The United States locks up over 2 million people each year, with another 7+ million under criminal justice supervision (parole or probation). Most of those involved in the criminal justice system have been convicted of non-violent offenses– many for drug charges. Sentences are exceedingly long, yet about half of the people locked up will return to their communities within 3 years. The philosophy of locking people up and throwing away the key clearly has not worked. In spite of all the tough-on-crime rhetoric, most people that have been locked up will come home. This all comes at a cost to local and state budgets, taking essential dollars from health care, low-income housing, education, and other hallmarks of a civilized society. With the Criminal Offender Record Information (CORI) system in place as it is, those returning home from jail find it near impossible to acquire legal employment and are often forced back into the same illegal activities that led to incarceration in the first place.

“While there are many factors that contribute to whether someone returning to society is going to make it or not, employment is critical,” states Holly Richardson, from Out Now and SHaRC. “If we want to keep our streets safer we need to pay as much attention to what keeps pushing people through the revolving jail door as we do to what happens when they get out. Having gainful employment is one area that can stop the revolving prison door.” “Employed people are less likely to commit crimes and return to prison,” says Iris Wallace, Arise for Social Justice/SHaRC. “Employers in all of our communities should see the benefits in hiring people with criminal records. We often are coming right out of jail and WANT to keep our lives on track. We are ready and willing to work hard so we can prove to ourselves and our families that we have changed. All of these things will make us good workers. Just give us a chance and you’ll see,” says Wallace. Kimberly Milberg, SHaRC member, states, “A criminal record really becomes punishment forever. Every one of the women interviewed for my thesis research identified feeling that their criminal record had negatively impacted their ability to get employment. Without access to legal, living-wage employment, individuals with criminal records are often forced back into illegal employment in order to simply feed themselves and their families and to put a roof over their heads.”

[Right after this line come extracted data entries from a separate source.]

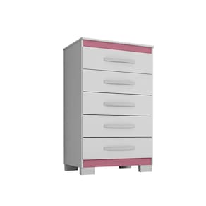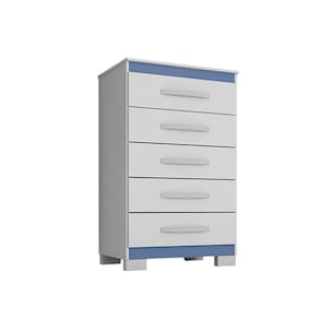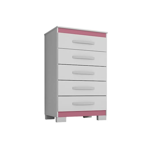 Com 90 cm de altura, 56 cm de largura e 39 cm de profundidade, oferece 5 gavetas equipadas com corrediças telescópicas de 300 mm, proporcionando abertura suave e silenciosa. Os puxadores Lisboa em ABS cromado e os pés plásticos em marrom conferem charme e robustez à peça.
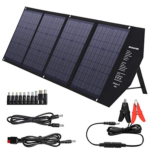 DISEÑO PARA LA MAYORÍA DE LOS GENERADORES SOLARES: Con la amplia compatibilidad, SUAOKI 80W Panel solar funciona con la mayoría de los generadores solares del mercado. El paquete incluye conectores de tamaños versátiles de CC, CC a CC, CC a Anderson y cables de alimentación CC a SAE.
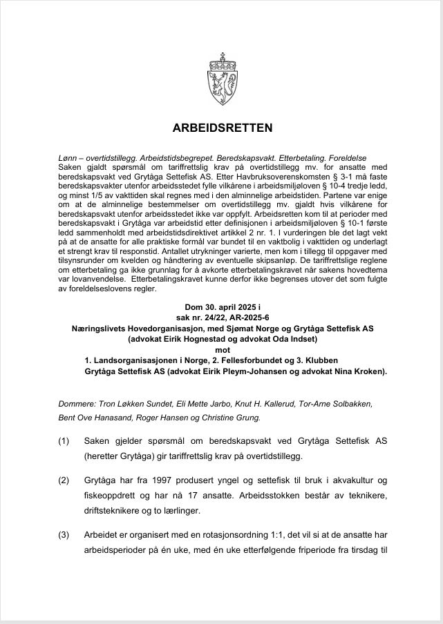 Ansvar: | 1. Næringslivets Hovedorganisasjon med Sjømat Norge AS, 2. Grytåga Settefisk AS (Advokat Eirik Hognestad Advokat Oda Indset) mot Landsorganisasjonen i Norge (LO) med Fellesforbundet og Klubben Grytåga Settefisk AS (Advokat Nina Kroken) |
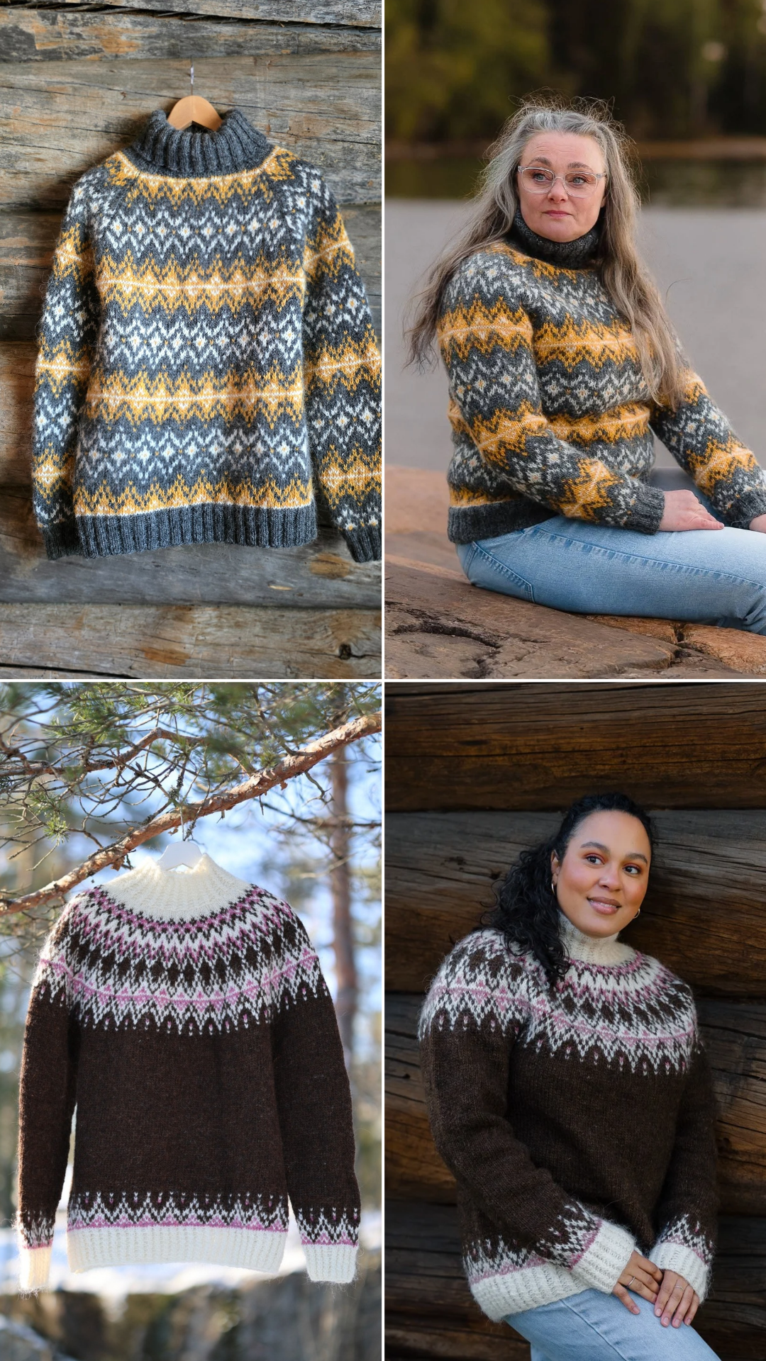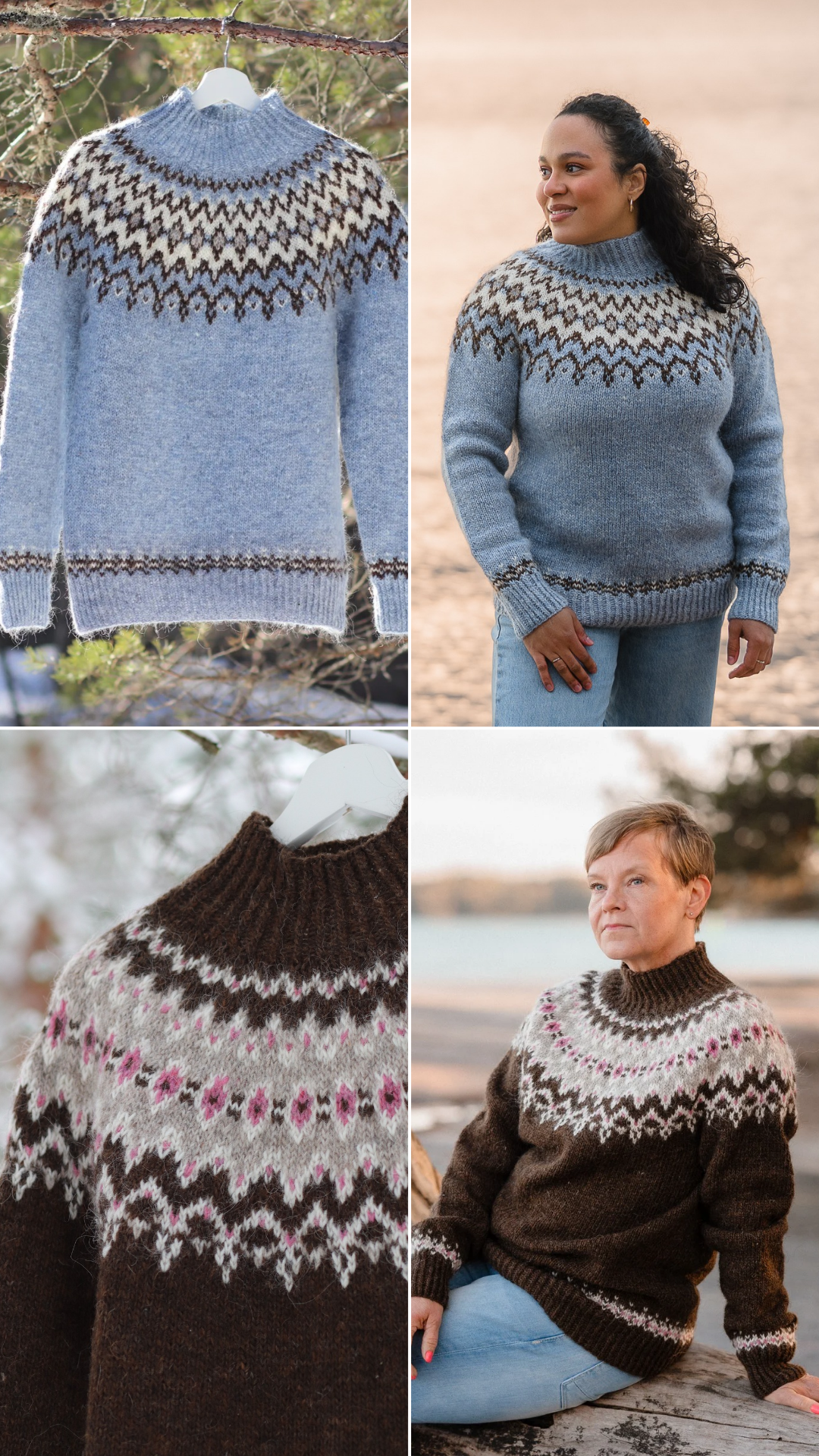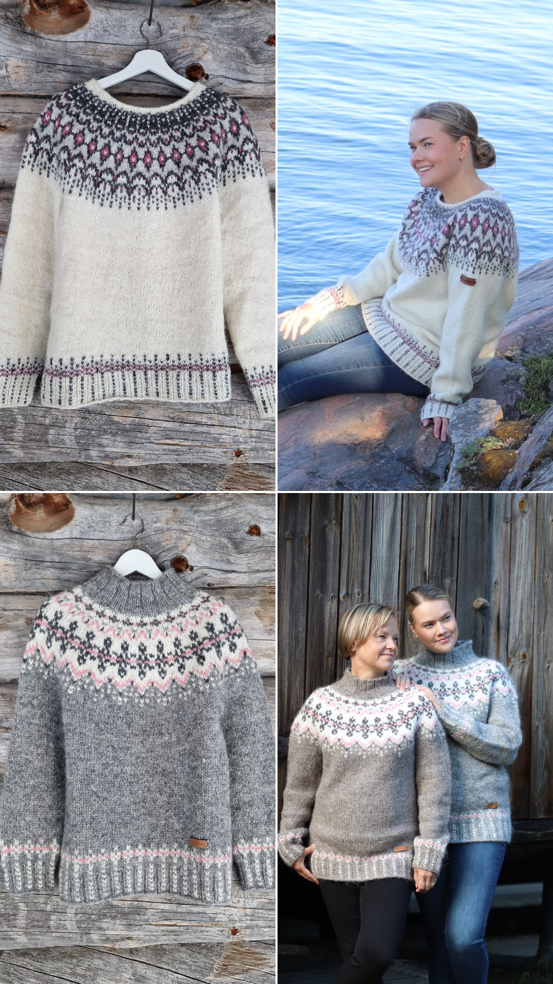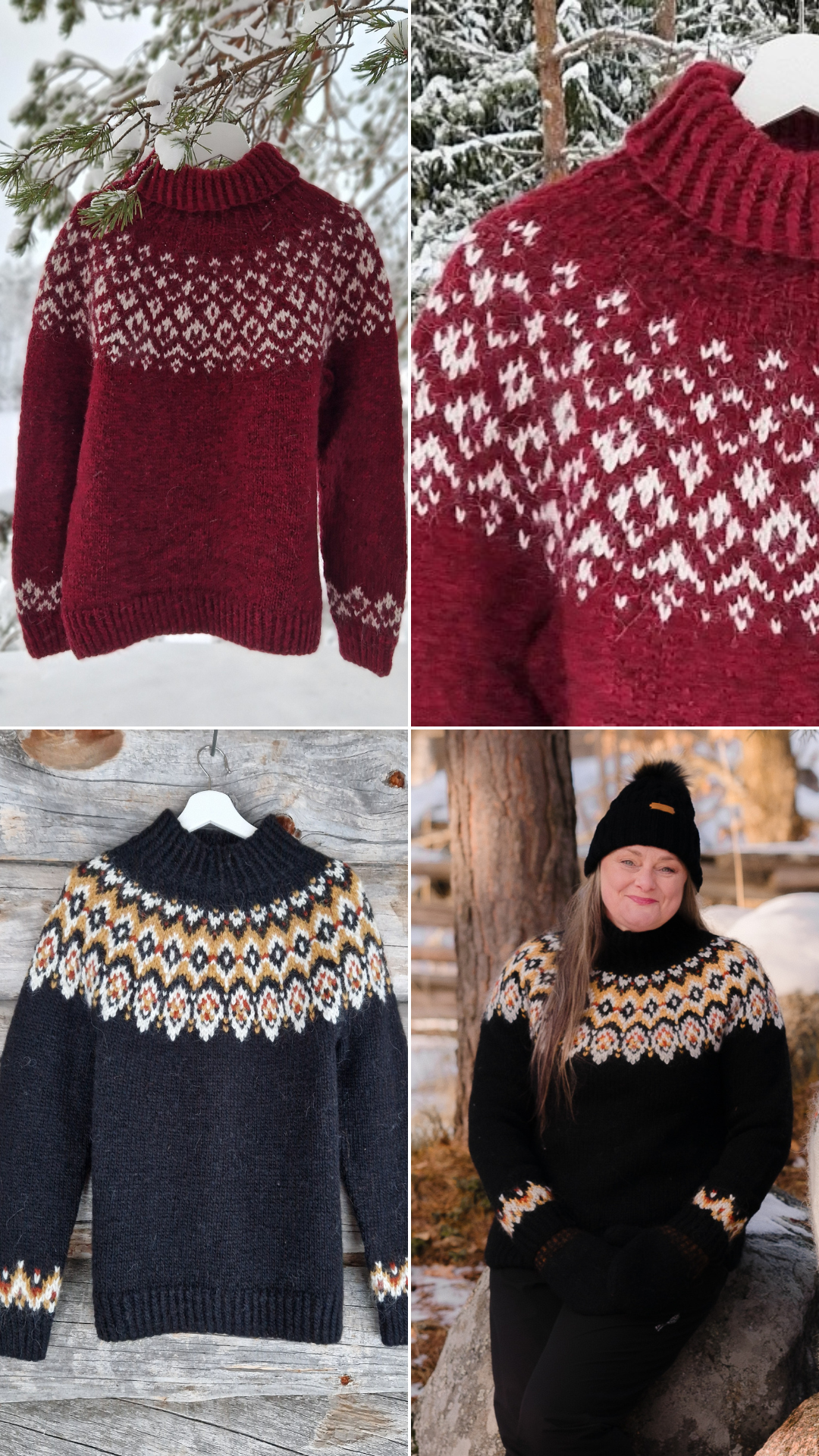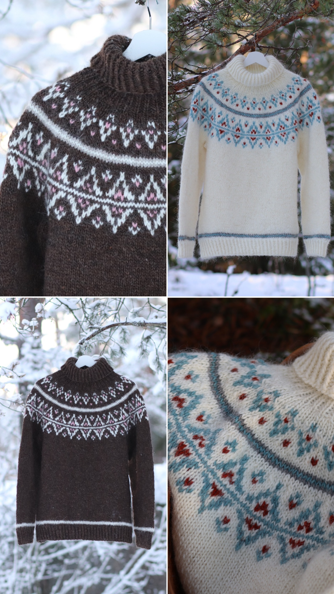 Kaikka neuleet neulotta Alafosslopi tai Lettlopi langoista. Neuleet uusia ja käyttämättömiä.

“Positive jobs creation is what SHaRC is calling for,” says Andrea Hornbein, Community Church of Boston and SHaRC member. It has been argued that the new jail in Chicopee will create jobs and will be good for the local economy. But that’s a myth. All jobs created in the punishment industry are negative jobs. For example, being a guard inside the jail may pay well and offer benefits—which are hard to get these days—but it has been well documented that guarding people who are locked in cages leads to high rates of alcoholism and domestic violence at home. There are currently 2 Jobs Creation bills before the legislature, House Bill 3763 and Senate Bill 257 that promote quality, positive jobs within the Commonwealth,” Hornbein adds.

With jail construction underway, organizers from across the state, many of whom have resisted a new women’s jail for more almost four years, have joined together to build the imaginative George Atwater Job Skills Center, named for the man who, in 1902, willed the land at 701 Center Street to the inhabitants of Chicopee and neighboring Springfield to be used as open space. Demonstrators will come dressed in construction gear to portray fictitious de-construction and re- construction workers: de-constructing the jail, and re-constructing it into a job training center.

As declared each month, “It’s not too late for the powers that be to change their minds. This structure could be re- purposed right now! It could be a job skills center. It could be a community center…anything but a jail,” says Out Now organizer, Holly Richardson.